Table 3. Concordance between CYT and both molecular methods by inversion genotype (0, 1, 2) for specimens for which both molecular methods agree. Shown are the numbers of specimens scored for each pairwise comparison.
GT-seq + OA | ||||
---|---|---|---|---|
CYT | 0 | 1 | 2 | |
2La | 0 | 1 | 0 | 0 |
1 | 0 | 80 | 2 | |
2 | 1 | 70 | 794 | |
2Rb | 0 | 124 | 1 | 7 |
1 | 1 | 491 | 9 | |
2 | 7 | 16 | 249 | |
2Rd | 0 | 389 | 7 | 0 |
1 | 7 | 31 | 0 | |
2 | 0 | 0 | 0 | |
2Ru | 0 | 778 | 39 | 10 |
1 | 7 | 84 | 0 | |
2 | 0 | 0 | 8 | |
2Rc_col | 0 | 153 | 7 | 0 |
1 | 10 | 235 | 0 | |
2 | 0 | 1 | 95 | |
2Rc_gam | 0 | 309 | 1 | 0 |
1 | 34 | 43 | 0 | |
2 | 4 | 0 | 0 |
CYT, cytogenetics; OA, Open Array.
Although we find good concordance between both molecular genotyping approaches, GT-seq more often agreed with cytogenetics than did OA (Table 2). This is not surprising, given the hybridization-based nature of OA and the extremely high levels of nucleotide diversity found in An. coluzzii and An. gambiae (Miles et al. 2017). In addition, highly concordant candidate tag SNPs that also had low polymorphism in the ∼50 bp immediately surrounding the tag, as required by OA, were sufficiently rare that we were compelled to lower the concordance threshold to find enough candidates suitable for assay design, and consequently the total number of OA tags per inversion is smaller than for GT-seq (Table 1).
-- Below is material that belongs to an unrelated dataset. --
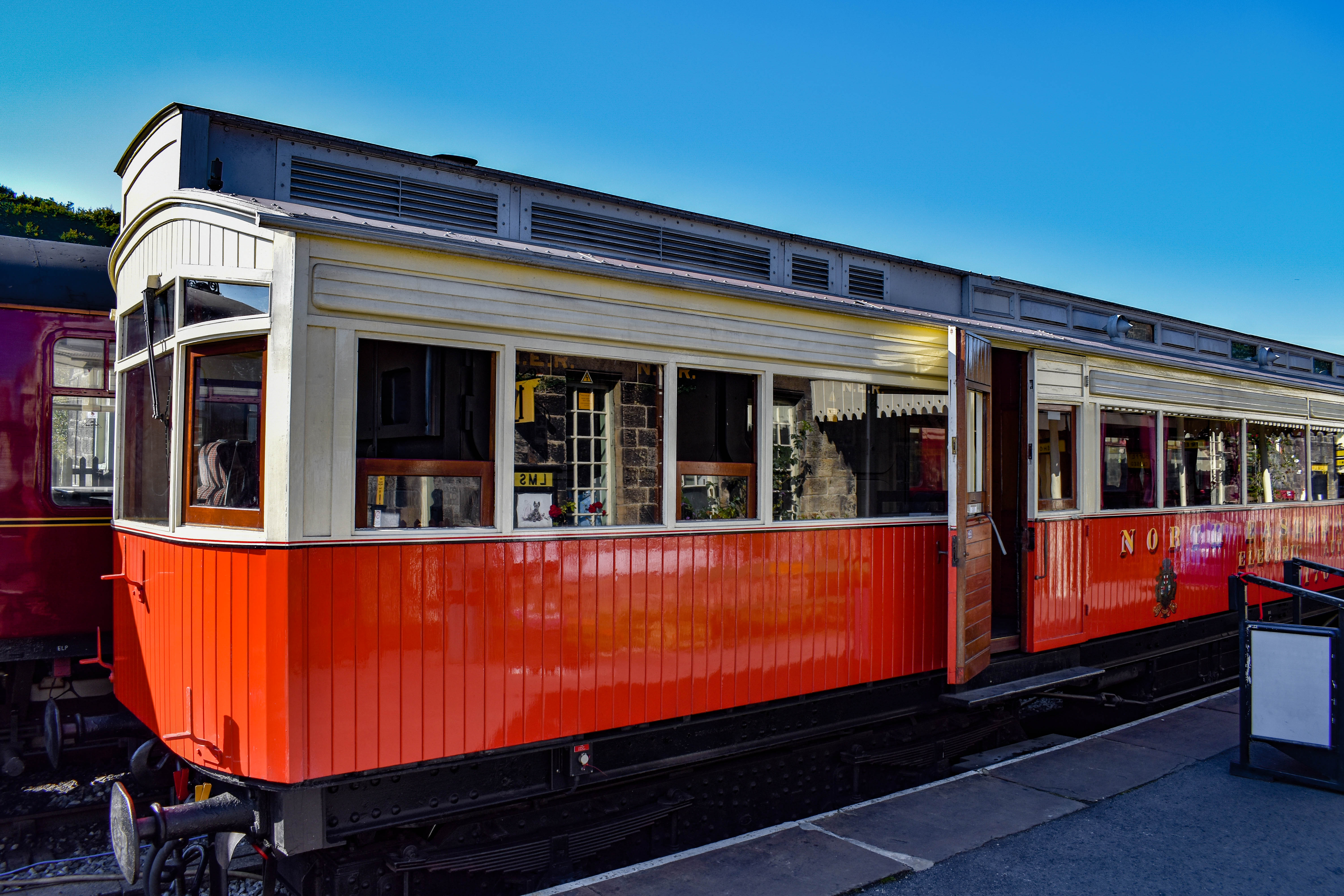 It’s another day in sunny Yorkshire and we’re visiting the Embsay and Bolton Abbey railway. The line originally ran from Skipton but closed in 1965. Interestingly, the adjacted railway line which serves Swinden Quarry was never closed and is still in operation today with around 4 trains a day. The grand plan of the railway is to continue laying the track to the west and reinstate the point with the mainline which already exists to the quarry to allow trains to continue on to Skipton. You would think it’s a simple task but no. There is a huge amount of work that needs to be done to plug the signalling into the National Rail infrastructure and equal amounts of red tape to cut through. For now, we get to enjoy the restored 5 mile route and even better, in a restored Electric Autocar from 1903.
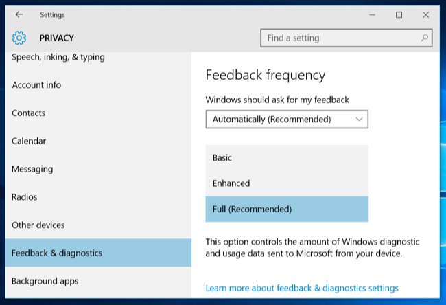 Indstillingen "Feedback & diagnostik" har en overraskende mulighed. Hvad der er særlig overraskende er, at Windows 10 faktisk ikke giver dig mulighed for at deaktivere denne mulighed.

These factors likely compound to lower the performance of OA compared to GT-seq. Furthermore, as detailed by Campbell et al. (2015), genotyping costs are lower for GT-seq compared with OA. Nevertheless, if the number of tag SNPs to be genotyped is low (50-100) and the number of samples high (102 to 103), OA remains a cost effective option and is still widely used (Campbell et al. 2015).
Conclusions
Chromosomal inversions have been viewed as instruments of ecotypic differentiation in anopheline mosquitoes (Coluzzi 1982). Insights into their adaptive significance as balanced polymorphisms and their possible role in behavioral variation, optimal habitat choice, and the speciation process (Coluzzi 1982) were gained from extensive polytene chromosome analyses largely conducted in the pre-genomic era (Coluzzi et al. 1979; Toure et al. 1998; Coluzzi et al. 2002; Manoukis et al. 2008). Now, with access to reference genome assemblies and powerful functional genomics tools, the potential exists to probe molecular mechanisms and deepen our understanding. Yet, a major limitation to progress in this area has been the strict requirement for polytene chromosome analysis, which not only limits samples but also demands rare cytogenetic expertise whose throughput is low. Here we demonstrate that tag SNPs highly correlated with inversion status across the species range represented in the Ag1000G database can be used for joint molecular genotyping of common inversions in An. gambiae and An. coluzzii across the genome (i.e., for karyotyping). Molecular genotyping methods, both OA and GT-seq, can be performed at scale and the results are comparable or superior to traditional cytogenetic karyotyping. These tools invite a renewal of investigations into the role of chromosomal inversions in anopheline behavior and environmental adaptation.
Acknowledgments
We thank the technicians of IRD/IRSS/Centre Muraz of Burkina Faso for their fundamental contribution to the field work, as well as the inhabitants of the sampled villages for their kind collaboration. We thank M. Kern and R. Montañez-Gonzalez (University of Notre Dame) for assistance with DNA extraction. The Notre Dame Center for Research Computing provided technical support. We thank Dana-Farber/Harvard Cancer Center in Boston, MA, for the use of the Genotyping and Genetics for Population Sciences Core, which provided SNP analysis using the Taqman OpenArray Genotyping System. We acknowledge the Notre Dame Genomics and Bioinformatics Core Facility for assistance with GT-seq project development, library preparation, and sequencing. This work was supported by the National Institutes of Health (R01 AI125360 awarded to NJB). During this work, NJB was supported by Target Malaria, which receives core funding from the Bill & Melinda Gates Foundation and from the Open Philanthropy Project Fund, an advised fund of Silicon Valley Community Foundation. Dana-Farber/Harvard Cancer Center is supported in part by an NCI Cancer Center Support Grant # NIH 5 P30 CA06516.
Footnotes
Supplemental material available at figshare: https://doi.org/10.25387/g3.12670649.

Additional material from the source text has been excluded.